_Task to complete_
Transcribe all of the data verbatim, please, and leave out its pictures.

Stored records
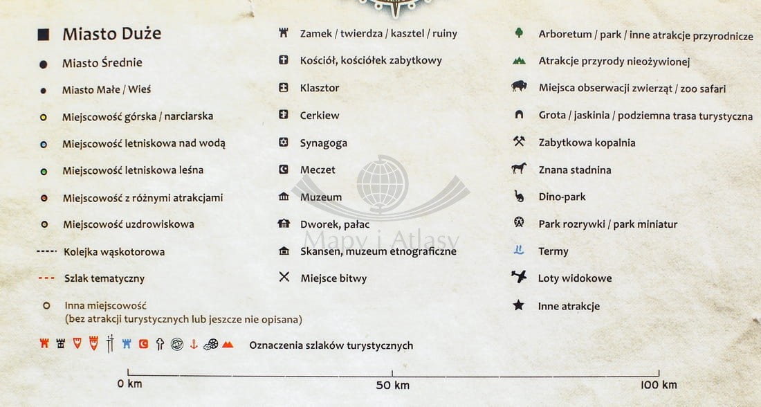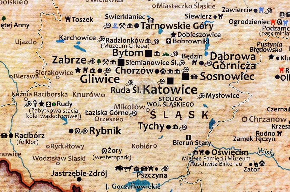 Turystyczna mapa ścienna Polski przedstawiająca atrakcyjne miejsca oraz te, które oferują rozrywkę, naukę lub przygodę. Ma przybliżyć również geografię naszego kraju, zapoznać z układem rzek, szlakami, położeniem miejsc historycznych.
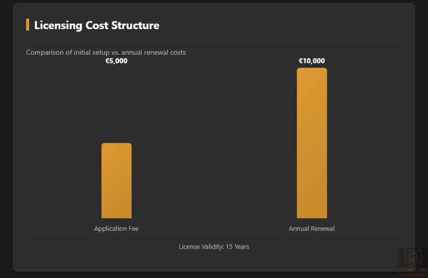 Application fees are set at €5,000, with an annual renewal fee of €10,000. The license term is 15 years, providing long-term operational certainty. Approval timelines average 6-8 weeks, contingent on applicant responsiveness and completeness of documentation.
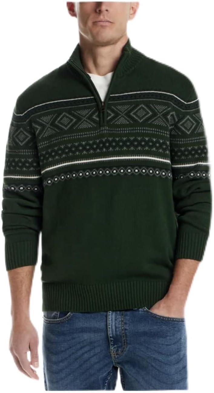 Weatherproof Vintage Men's 1/4 Zip Holiday Sweater (US, Alpha, Medium, Regular, Regular, Green)
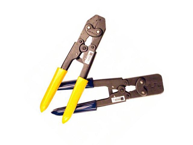 Single crimper used for F-type terminals included in Classic Update and universal harnesses. Wire sizes ranging from 20 gauge to 14 gauge and Double crimper Used for F-type terminals included in Classic Update and universal harnesses. Wire sizes ranging from 10 gauge to 18 gauge, or terminals requiring a two wire connection. Two piece set includes single and double crimpers.
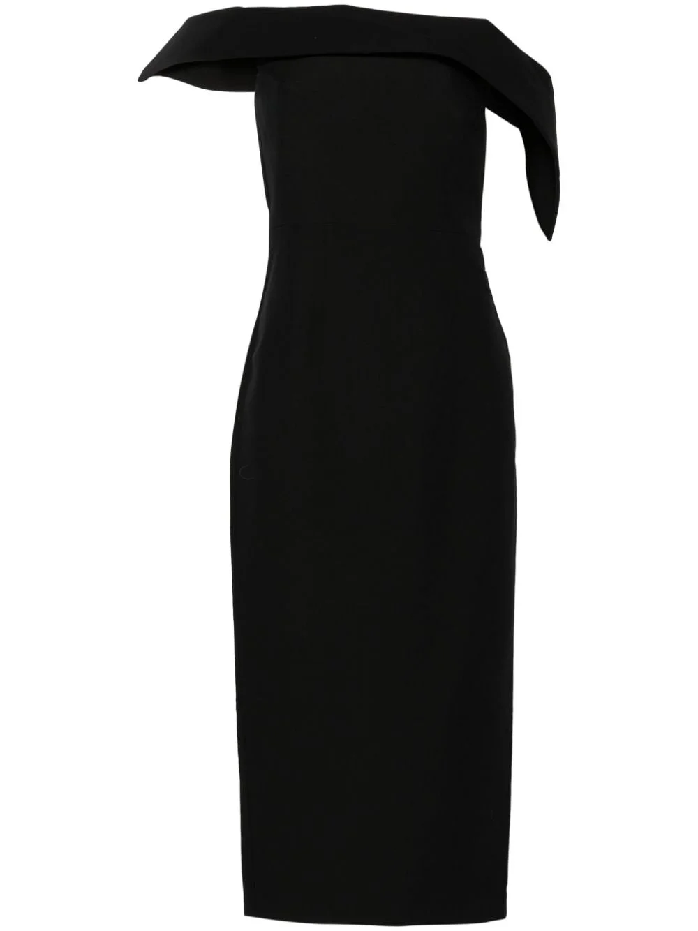 off-shoulder crepe midi dress Highlights - Black - Wool-silk blend - Crepe texture - Draped detailing - Off-shoulder - Rear zip fastening - Fitted waistline - Pencil silhouette - Rear slit - Straight hem - Mid-calf length Imported Composition Outer: Silk 100%, Polyester 100%, Wool 70% Lining: Polyester 100% SIZE & FIT Model measurements Height 5 ft 11 in(1.8 m) Bust/Chest 33.07 in(84 cm) Hips 37.4 in(95 cm) Waist 25.19 in(64 cm) Measurement HIPS 39.37 in(100 cm) LENGTH 49.6 in(126 cm) WAIST 28.34 in(72 cm) FittingInformation Designed for a slim fit that sits just away from the body offering a close yet comfortable fit The internal bodice offers support and shape Made from a midweight non-stretch fabric This piece fits true to size – take your usual size Washing instructions Dry Clean Only
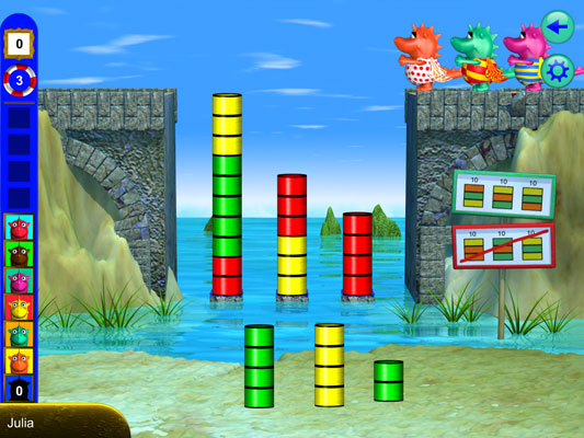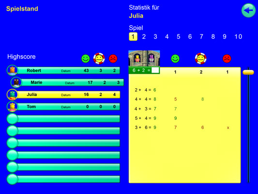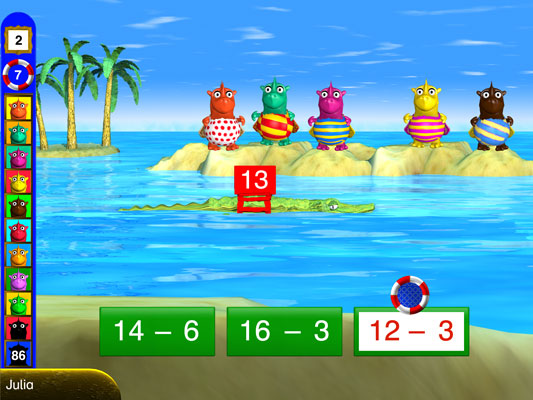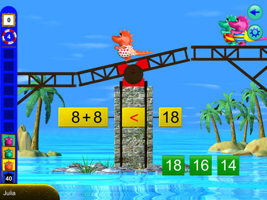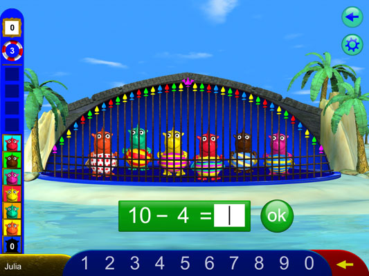 Additions- und Subtraktionsaufgaben bis 20 mit und ohne Zehnerübergang • Summen und Differenzen ausrechnen • Gleichungen richtig ergänzen • passende Rechenzeichen in eine Gleichung einsetzen • Gleichungen mit wechselnden Platzhaltern lösen • zu Ergebnissen die passenden Aufgaben finden • Addieren von 3 Zahlen • Zahlzerlegungen von 10 • größer, kleiner, gleich unterscheiden und die entsprechenden Rechenzeichen > = < erkennen • 2. Chance mit Lösungsweg durch Rettungsring-Hilfe • mit ausführlicher Fehlerstatistik für alle Spieler • Motivierender Highscore und Urkunden-Sammelalbu

_Result of the exercise_
 Turystyczna mapa ścienna Polski przedstawiająca atrakcyjne miejsca oraz te, które oferują rozrywkę, naukę lub przygodę. Ma przybliżyć również geografię naszego kraju, zapoznać z układem rzek, szlakami, położeniem miejsc historycznych.
 Application fees are set at €5,000, with an annual renewal fee of €10,000. The license term is 15 years, providing long-term operational certainty. Approval timelines average 6-8 weeks, contingent on applicant responsiveness and completeness of documentation.
 Weatherproof Vintage Men's 1/4 Zip Holiday Sweater (US, Alpha, Medium, Regular, Regular, Green)
 Single crimper used for F-type terminals included in Classic Update and universal harnesses. Wire sizes ranging from 20 gauge to 14 gauge and Double crimper Used for F-type terminals included in Classic Update and universal harnesses. Wire sizes ranging from 10 gauge to 18 gauge, or terminals requiring a two wire connection. Two piece set includes single and double crimpers.
 off-shoulder crepe midi dress Highlights - Black - Wool-silk blend - Crepe texture - Draped detailing - Off-shoulder - Rear zip fastening - Fitted waistline - Pencil silhouette - Rear slit - Straight hem - Mid-calf length Imported Composition Outer: Silk 100%, Polyester 100%, Wool 70% Lining: Polyester 100% SIZE & FIT Model measurements Height 5 ft 11 in(1.8 m) Bust/Chest 33.07 in(84 cm) Hips 37.4 in(95 cm) Waist 25.19 in(64 cm) Measurement HIPS 39.37 in(100 cm) LENGTH 49.6 in(126 cm) WAIST 28.34 in(72 cm) FittingInformation Designed for a slim fit that sits just away from the body offering a close yet comfortable fit The internal bodice offers support and shape Made from a midweight non-stretch fabric This piece fits true to size – take your usual size Washing instructions Dry Clean Only
 Additions- und Subtraktionsaufgaben bis 20 mit und ohne Zehnerübergang • Summen und Differenzen ausrechnen • Gleichungen richtig ergänzen • passende Rechenzeichen in eine Gleichung einsetzen • Gleichungen mit wechselnden Platzhaltern lösen • zu Ergebnissen die passenden Aufgaben finden • Addieren von 3 Zahlen • Zahlzerlegungen von 10 • größer, kleiner, gleich unterscheiden und die entsprechenden Rechenzeichen > = < erkennen • 2. Chance mit Lösungsweg durch Rettungsring-Hilfe • mit ausführlicher Fehlerstatistik für alle Spieler • Motivierender Highscore und Urkunden-Sammelalbu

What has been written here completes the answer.